Austin's chief budget officer says that bill would all but guarantee taxes go up in cities with public electric utilities, as local governments scramble to find new ways to fund programs.
Another bill, proposed by Troxclair, would move management of Austin Energy from the Austin City Council to an appointed board of experts.
The city has considered this idea before. Troxclair says it would lead to more competent utility management. Opponents say it would weaken citizen input over things like affordability programs and renewable energy policy.
Yet another bill, from Republican state Sen. Kelly Hancock, would let small groups of Austin Energy customers protest their electric bills with the state’s Public Utility Commission, something critics — and PUC representatives — say could bog down utility operations in red tape.
At the heart of many these proposals is the idea that the Public Utility Commission of Texas, the state agency that regulates the retail electric providers, is a more receptive and effective oversight body than local governments.
After the state deregulated its market, “the Public Utility Commission was able to be responsive to customers who had too high rates or dismal service,” Troxclair said in an interview with KUT before she introduced her Austin Energy-focused bills.
“Austin Energy customers have none of that.”
Others don’t share such a rosy assessment of the PUC's track record when it comes to helping ratepayers. They say it's unclear how state oversight would have better prepared Austin for the winter ice storm.
A recent state report on the PUC described an agency overly dependent on industry (called “market participants") when it comes to making “strategic decisions that affect the entire state.”
“The market participants have private interests to protect, which may be at odds with the broader public interest in providing reliable electricity to all Texans,” the report asserts.
The same report also found the PUC lacking when it comes to public communications, public access and transparency. State lawmakers are crafting a plan that addresses some, though not all, of the findings.
In Austin, even some of those who recognize weaknesses in the city’s preparation for and response to the big ice storm say they would prefer to keep oversight of the public utility local.
“Only big moneyed interests that can hire the lawyers to be involved at the [Public Utility Commission] would be likely to get involved. Not normal, everyday people,” Cyrus Reed, with the Lone Star Chapter of the Sierra Club, said in testimony at the Legislature against Hancock's bill.
Reed serves on Austin’s Electric Utility Oversight Board and is a frequent critic of Austin Energy policies.
The cost
In the end, much of the debate over the future of Austin Energy comes down to how much trust people have in the Texas energy market.
“I think the competitive market generally brings more accountability and transparency,” Troxclair said.
Opponents disagree. And they warn that opening Austin up to retail competition would almost certainly bring higher bills.
Austin Energy recently raised its electric rates. But the utility says its customers still pay, on average, 17 to 34% less per kilowatt hour of energy than customers in parts of Texas with retail electric deregulation.

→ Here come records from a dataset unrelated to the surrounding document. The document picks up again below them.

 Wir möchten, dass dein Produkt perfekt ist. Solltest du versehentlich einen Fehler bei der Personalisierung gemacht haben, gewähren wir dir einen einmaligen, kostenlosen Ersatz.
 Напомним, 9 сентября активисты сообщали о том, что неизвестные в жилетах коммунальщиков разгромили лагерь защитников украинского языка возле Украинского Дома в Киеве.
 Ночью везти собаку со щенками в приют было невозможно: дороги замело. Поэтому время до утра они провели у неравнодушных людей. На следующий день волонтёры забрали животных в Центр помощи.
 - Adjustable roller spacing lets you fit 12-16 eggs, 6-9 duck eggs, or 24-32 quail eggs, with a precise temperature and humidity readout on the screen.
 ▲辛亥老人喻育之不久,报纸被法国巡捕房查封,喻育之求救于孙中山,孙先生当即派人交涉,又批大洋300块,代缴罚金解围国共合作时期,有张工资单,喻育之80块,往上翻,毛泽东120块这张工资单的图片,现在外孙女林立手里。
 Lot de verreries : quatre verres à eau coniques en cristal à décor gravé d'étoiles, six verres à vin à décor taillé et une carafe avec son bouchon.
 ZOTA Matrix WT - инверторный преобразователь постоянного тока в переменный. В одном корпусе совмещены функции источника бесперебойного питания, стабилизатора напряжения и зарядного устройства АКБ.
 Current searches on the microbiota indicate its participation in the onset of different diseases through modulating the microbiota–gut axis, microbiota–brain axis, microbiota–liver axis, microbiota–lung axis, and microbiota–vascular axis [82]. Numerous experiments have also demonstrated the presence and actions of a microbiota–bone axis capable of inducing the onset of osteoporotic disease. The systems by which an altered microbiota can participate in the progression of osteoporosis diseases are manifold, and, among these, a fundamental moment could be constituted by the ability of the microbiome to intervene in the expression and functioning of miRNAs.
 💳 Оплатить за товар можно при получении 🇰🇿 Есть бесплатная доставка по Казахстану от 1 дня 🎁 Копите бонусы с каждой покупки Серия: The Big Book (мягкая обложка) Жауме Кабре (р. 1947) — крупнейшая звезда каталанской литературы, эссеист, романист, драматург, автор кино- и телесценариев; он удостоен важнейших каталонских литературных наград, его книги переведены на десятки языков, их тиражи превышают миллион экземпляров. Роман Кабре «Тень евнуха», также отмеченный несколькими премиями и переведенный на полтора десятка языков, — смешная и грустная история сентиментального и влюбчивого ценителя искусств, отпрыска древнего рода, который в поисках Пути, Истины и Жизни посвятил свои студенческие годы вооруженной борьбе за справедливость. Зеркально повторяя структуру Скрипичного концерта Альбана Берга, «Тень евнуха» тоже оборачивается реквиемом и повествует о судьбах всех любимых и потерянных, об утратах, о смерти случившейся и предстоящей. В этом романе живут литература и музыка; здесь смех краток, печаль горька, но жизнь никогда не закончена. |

"I think what would happen is that the amount that Austin citizens paid for their electricity would slowly move up to equilibrate with the rest of the market" if Austin lost its public utility, Rábago said.
He said another way Austin Energy customers save is by simply using less energy, thanks to energy-efficiency programs, incentives and rebates. These programs are not as prevalent in the Texas competitive retail market, which thrives on selling more energy to more people.
Austin Energy “has leveraged an investment in energy efficiency,” Rábago said. “That sticks out like a sore thumb to the guys who want to pass tens of billions of dollars in excess cost to Texas consumers.”